** Opening RECORDED INFORMATION block **

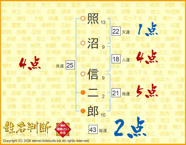 照沼信二郎さんの天運は22画の1点!
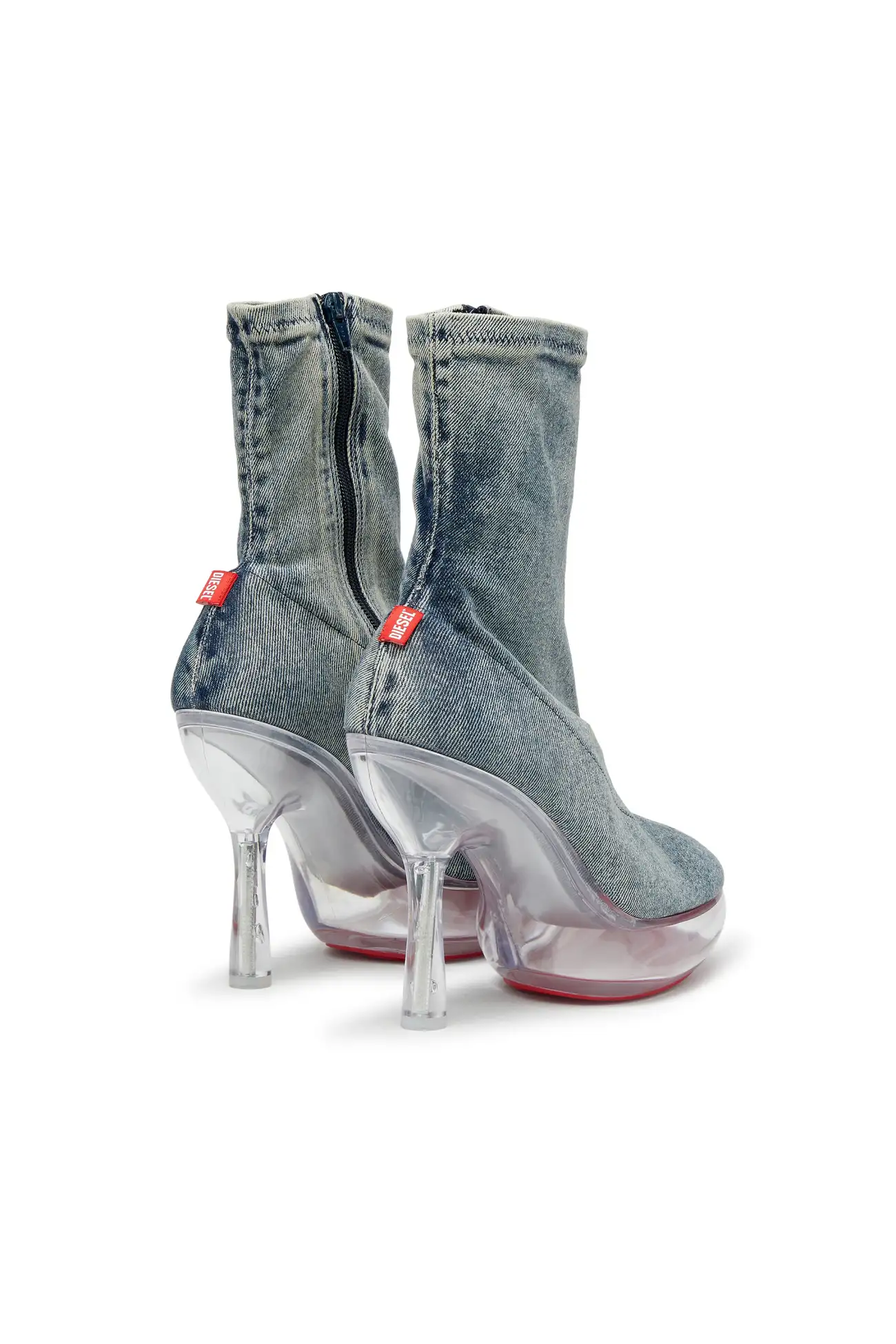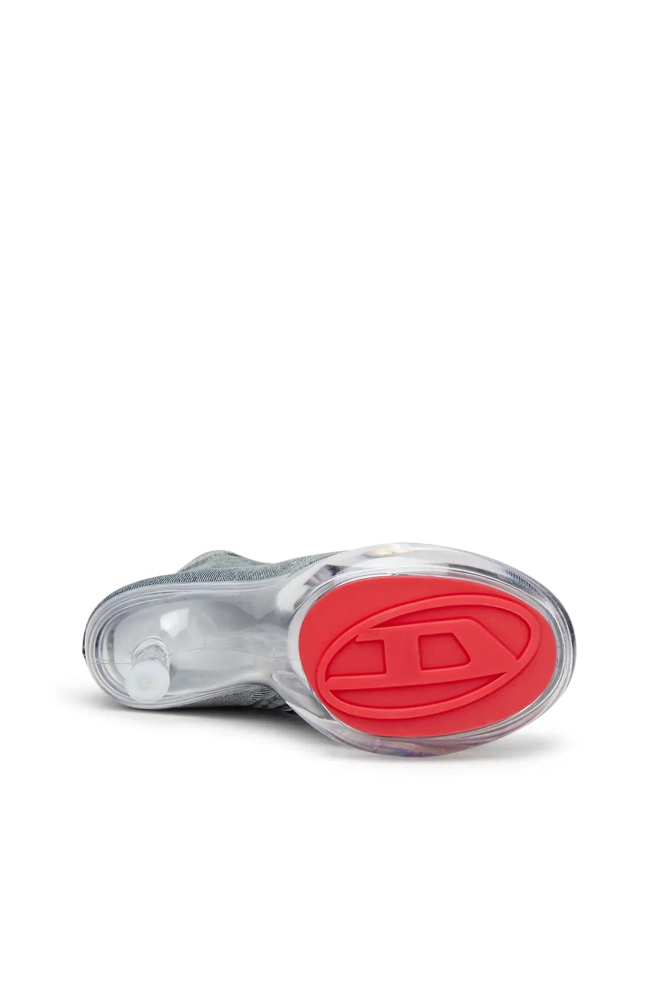 מגפי דנים לנשים עם רוכסן צדדי. החלק העליון מדנים אלסטי בשטיפת dirty wash ומונח על פלטפורמה בגובה 3 ס"מ ועקב 12 ס"מ מפלקסיגלס שקוף ליצירת גובה מודגש. סוליית גומי עם לוגו Oval D מוסיפה אחיזה.
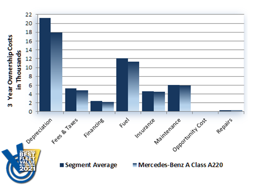 The Mercedes-Benz A Class A220 4MATIC won the Luxury Compact segment of the 2021 Vincentric Best Fleet Value in Canada™ awards. Having the lowest depreciation cost in its class was a key factor in taking home the victory.
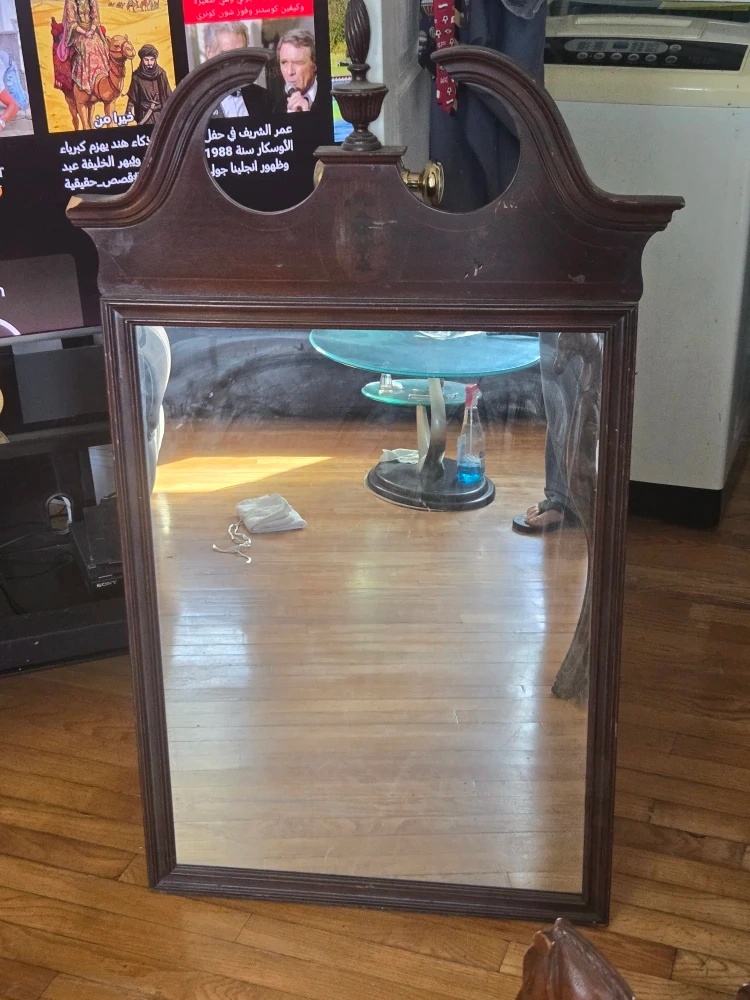 10Here's a framed wooden mirror! It is in good condition and would look great in any room of the house

** Closing RECORDED INFORMATION block **

§ **WHAT NEEDS TO BE DONE**: Apart from the images, every line above is to be given again exactly.

§ **RESULT OF THE TASK**:
 照沼信二郎さんの天運は22画の1点!
 מגפי דנים לנשים עם רוכסן צדדי. החלק העליון מדנים אלסטי בשטיפת dirty wash ומונח על פלטפורמה בגובה 3 ס"מ ועקב 12 ס"מ מפלקסיגלס שקוף ליצירת גובה מודגש. סוליית גומי עם לוגו Oval D מוסיפה אחיזה.
 The Mercedes-Benz A Class A220 4MATIC won the Luxury Compact segment of the 2021 Vincentric Best Fleet Value in Canada™ awards. Having the lowest depreciation cost in its class was a key factor in taking home the victory.
 10Here's a framed wooden mirror! It is in good condition and would look great in any room of the house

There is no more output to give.